Institute for War and Peace Reporting | Giving Voice, Driving Change

Erbil Scores Big as Football Host

Locals beaming on and off field, as staging of Asian tournament boosts city’s resurgence.
By IWPR-trained reporters
The growing confidence and hopes of Erbil, the capital of Iraqi Kurdistan, have been further fueled with its hosting of the country’s first international football tournament for decades, in which the national team won, hands down.



The country’s youth side turned the six-team 2010 Asian Football Confederation, AFC, under-19 championship qualifying tournament into a cakewalk. The local team went undefeated, conceding no goals en route to a 3-0 defeat of Saudi Arabia in the final this week. The national team has now booked a place in the finals in Japan next year.

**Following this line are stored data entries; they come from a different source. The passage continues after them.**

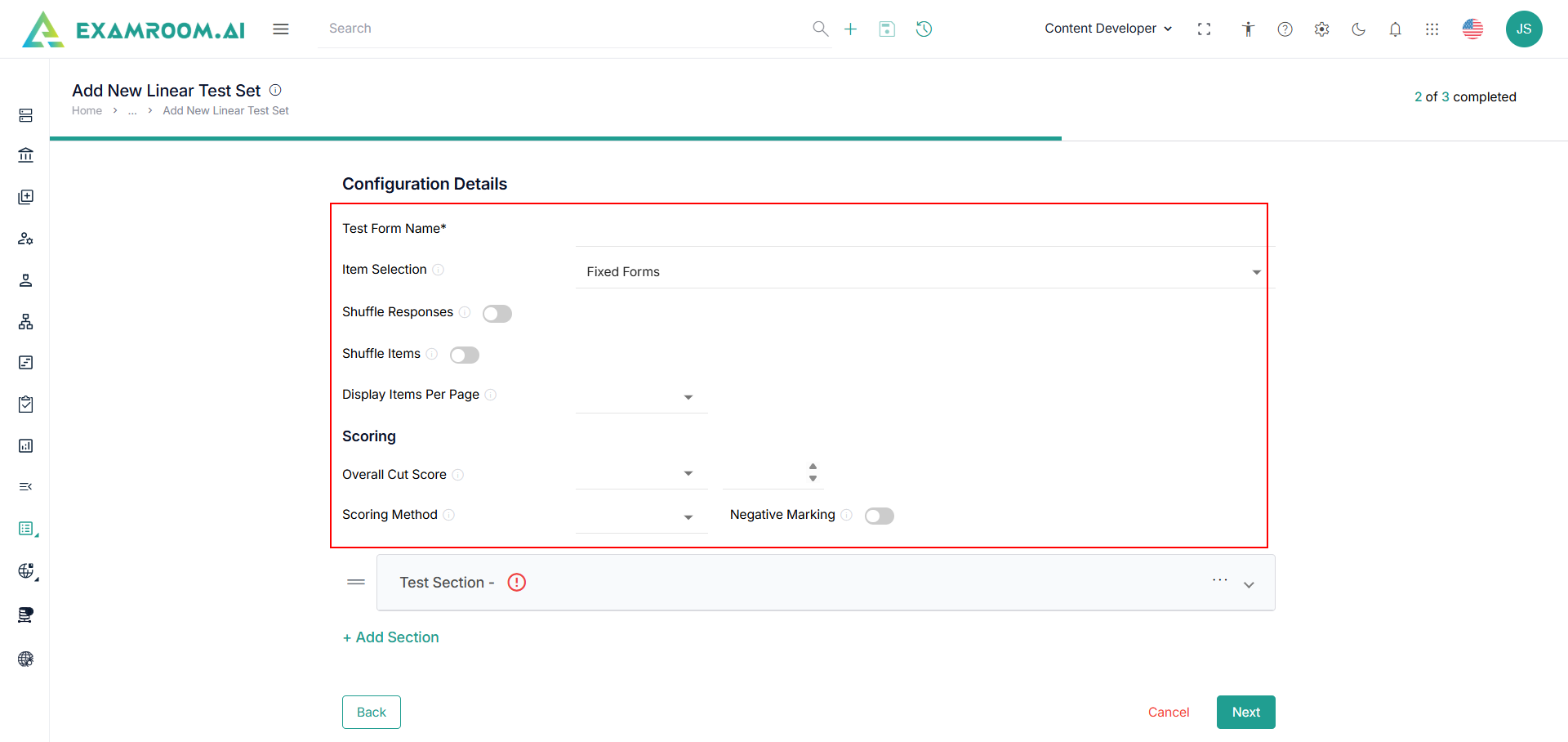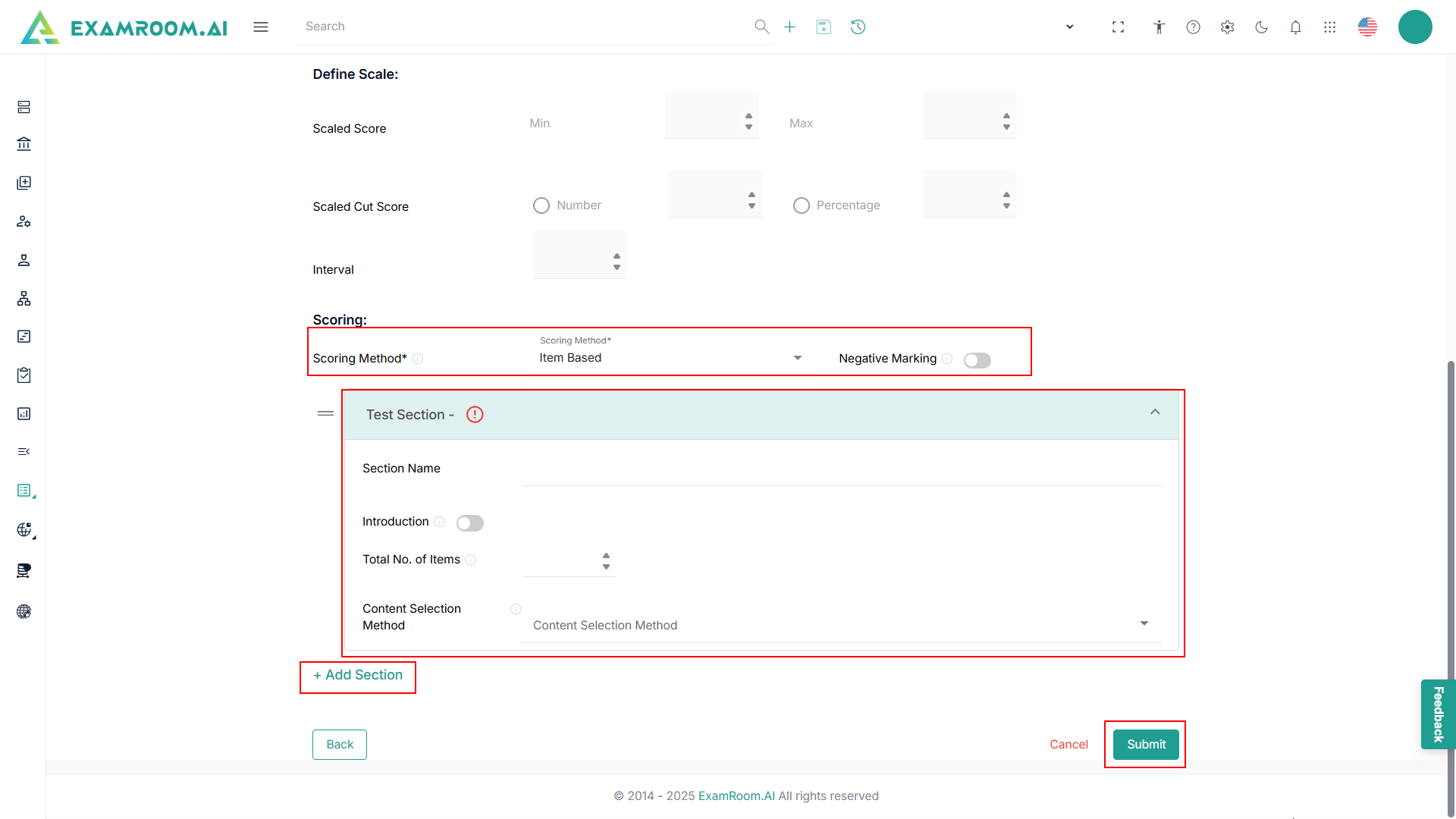 - Click Add Section to add more test sections.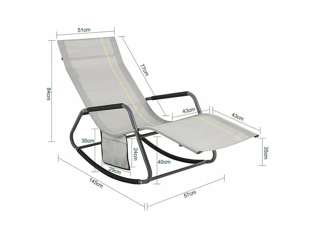 SoBuy OGS47-HG Schommelstoel Relaxstoel Ligstoel Lounge Chair Tuinstoel Zonnebaden - met Zijtas en Voetensteun - Draagvermogen 120 kg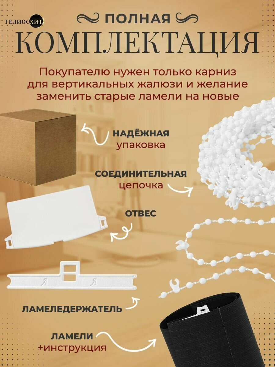 Ламели для вертикальных жалюзи 10 шт высотой 195 см черные, ткань Лайн, гелиосхит, карниз приобретается отдельно.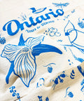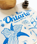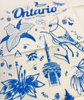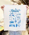 Ontario - Yours to Discover! This beautiful hand-printed tea towel features illustrations of a loon, trillium, vine tomatoes, the CN Tower, and more.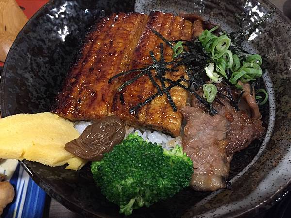 蠻牛燒肉定 380元, 這是另外單點來試試吃不完打包的,ㄧ片鰻魚加四片牛肉為主,鰻魚依然表現不錯,但牛肉則平平,總覺得份量也是可以再稍稍加強應付食量大的人的報怨。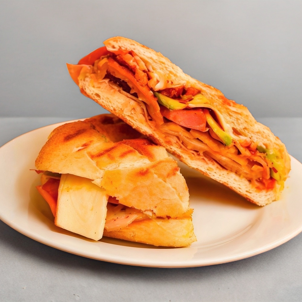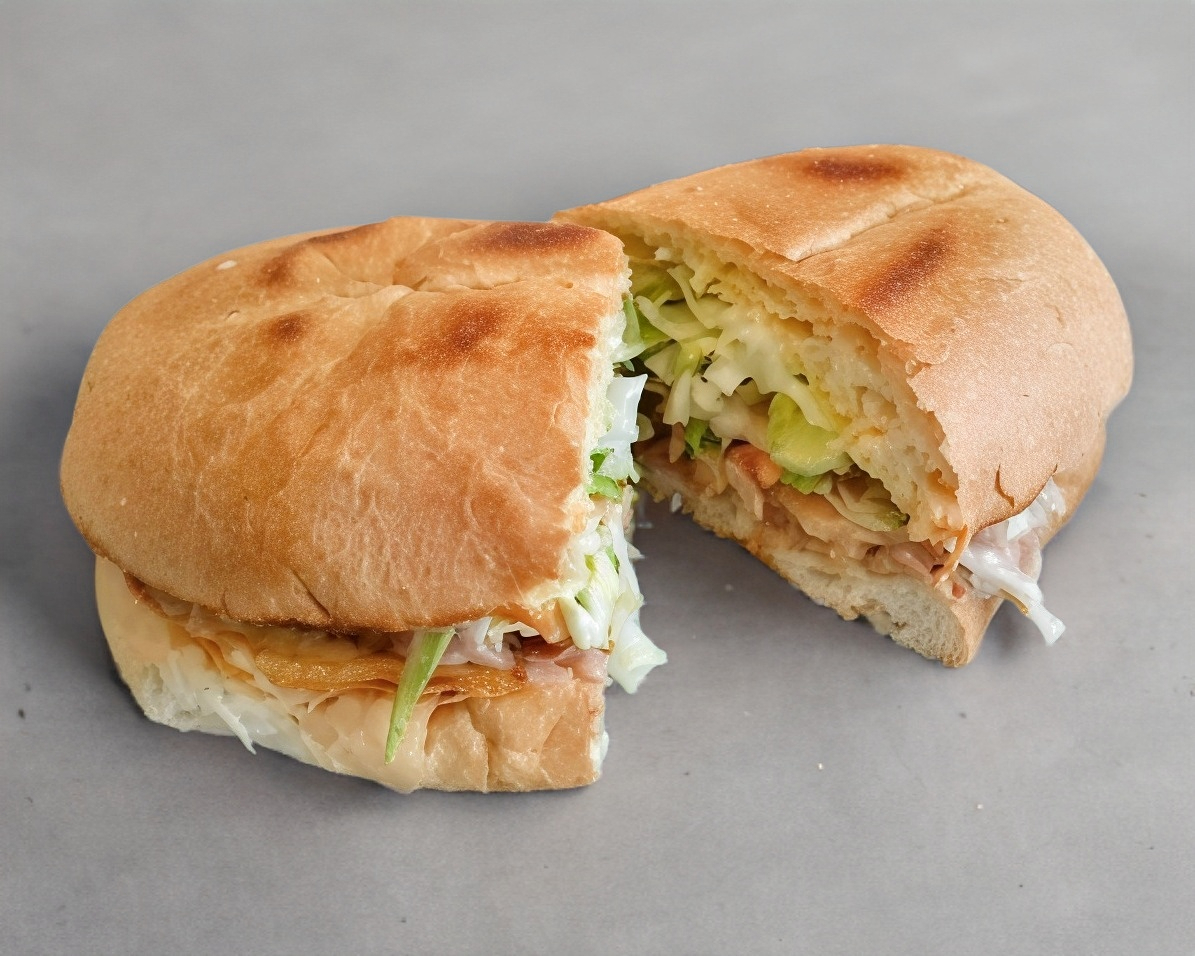Pan chiabata relleno de peperoni con queso manchego y verdura

“This will tell the whole world that Iraq youth are still able to win football games no matter where they come from or what they have been through,” said national under-19 coach Hasan Ahmed. “They have projected a great image of Iraq and Iraqis. You can see how well the players played together, regardless of their backgrounds.”



The thrilling victories – inspired by diminutive left-winger Amjad “Juju” Walid – provided a feel-good moment for Erbil, and Iraq. Local residents, however, were quick to note that football success was only half the story.



The prestigious tournament, free of security concerns and nationalistic tension, has reinforced Erbil’s claim as Iraq’s sporting capital and further distinguishes the semi-autonomous Kurdistan region from the still-troubled capital Baghdad and other restive areas.



Local officials felt the tournament will help them communicate that Erbil, as evidenced by massive construction and infrastructure projects, is open for business.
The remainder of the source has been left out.